Obama and Clinton are both in Indiana, while McCain continues his tour (we lost track of what it's called) in Allentown, Pa. Bill Clinton has seven (!) events in North Carolina towns you've probably never heard of (watch that rural vote).

Get all the candidates' schedules in The Note's "Sneak Peek."

Also making news:

If Obama wins this thing, get ready for a show: "Anyone, anyone, who voted for either of us should be absolutely committed to voting for the other" in the general election, Clinton told the Indianapolis Star's editorial board Tuesday. "I'm going to shout that from the mountaintops and the valleys and everywhere I can, no matter what the outcome of the nominating process is."

And Clinton looked into the camera for this one: "Why won't you debate me?" she asked Obama. "It's not too late, if you're watching."

He wasn't -- and the AP's Walter Mears isn't persuaded, either: "Debate challenges are a ploy, not an issue. They are in the playbook for the candidate trying to catch up, in this case Hillary Clinton."

Elizabeth Edwards, on the possibility of an endorsement before next Tuesday's North Carolina primary: "I'd be surprised, but things can happen any day. Never say never," she said on MSNBC.

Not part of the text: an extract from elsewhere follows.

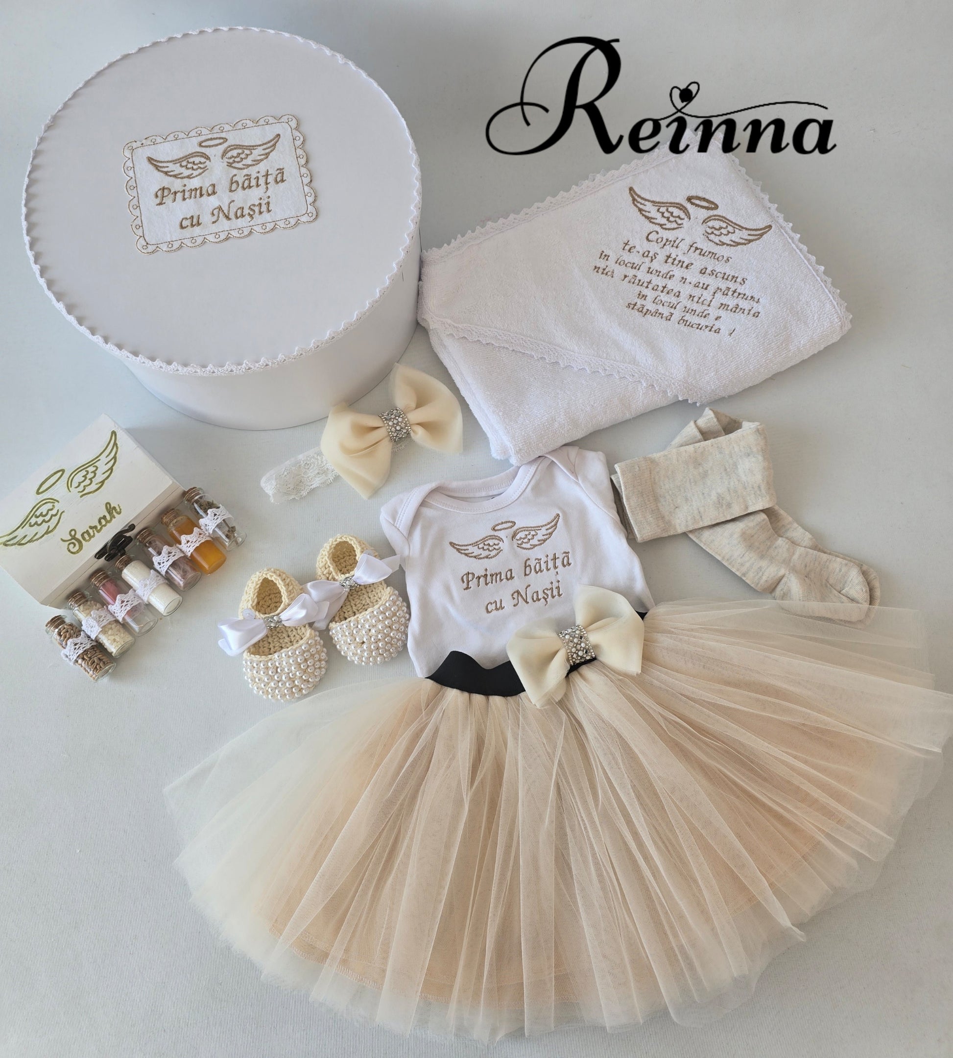 •Cufăr încăpător, personalizat Prima băița cu Nașii,  la cerere se poate personaliza gratuit cu prenume sau scurt mesaj din partea nașilor.

And: "If we thought that somehow there was a partial bloodletting that an endorsement would solve, that would be reason to do it. I don't think Vice President Gore or my husband think their endorsement would change that dynamic."

Courtesy of the Christian Broadcasting Network's David Brody, a fascinating answer to a question posed to Clinton about what she would ask God: "We know that you had your son suffer excruciatingly and he died for us and I can't thank you enough for that gift but so many people who seem so innocent have also suffered so much. Was there any point at which you thought you could perhaps just you know, reach out and just lessen it a little or did you expect us to do that?"

A new proposal (again) out of Michigan: "The 'Group of Four' neutral Democrats who have been working for months to solve the delegate issue sent a letter Tuesday proposing that Clinton get some delegate boost for winning the Jan. 15 primary, but acknowledging that the contest was less than fair because Obama was not on the ballot here," Gordon Trowbridge writes in the Detroit News. "Their plan would reduce the 18-delegate advantage Clinton would receive based on the primary to 10 delegates."

McClatchy's David Lightman looks at the extent -- and limits -- of Obama's financial advantage over Clinton. "Barack Obama is poised once again to dramatically outspend Hillary Clinton, this time in North Carolina and Indiana before next Tuesday's primaries there -- and once again, the imbalance may not matter," he writes.

Some punditry from Michael Dukakis, who knows something about winning the Democratic nomination: "If Obama wins both of those states on the sixth of May, I don't see how as a practical matter he doesn't have it," the former Massachusetts governor tells Steve Kornacki of the New York Observer. "All I can tell you is at this point it looks as if he is likely to be the nominee. . . . But, you know, funny things happen in this business. I can't tell you what they might be. All I can tell you is it ain't over till it's over."

The kicker:

"You've got the future president of the United States wide open." -- University of North Carolina basketball coach Roy Williams, at a pick-up game where members of his team joined Barack Obama -- and where the coach's presence may have broken NCAA rules, per the Raleigh News & Observer.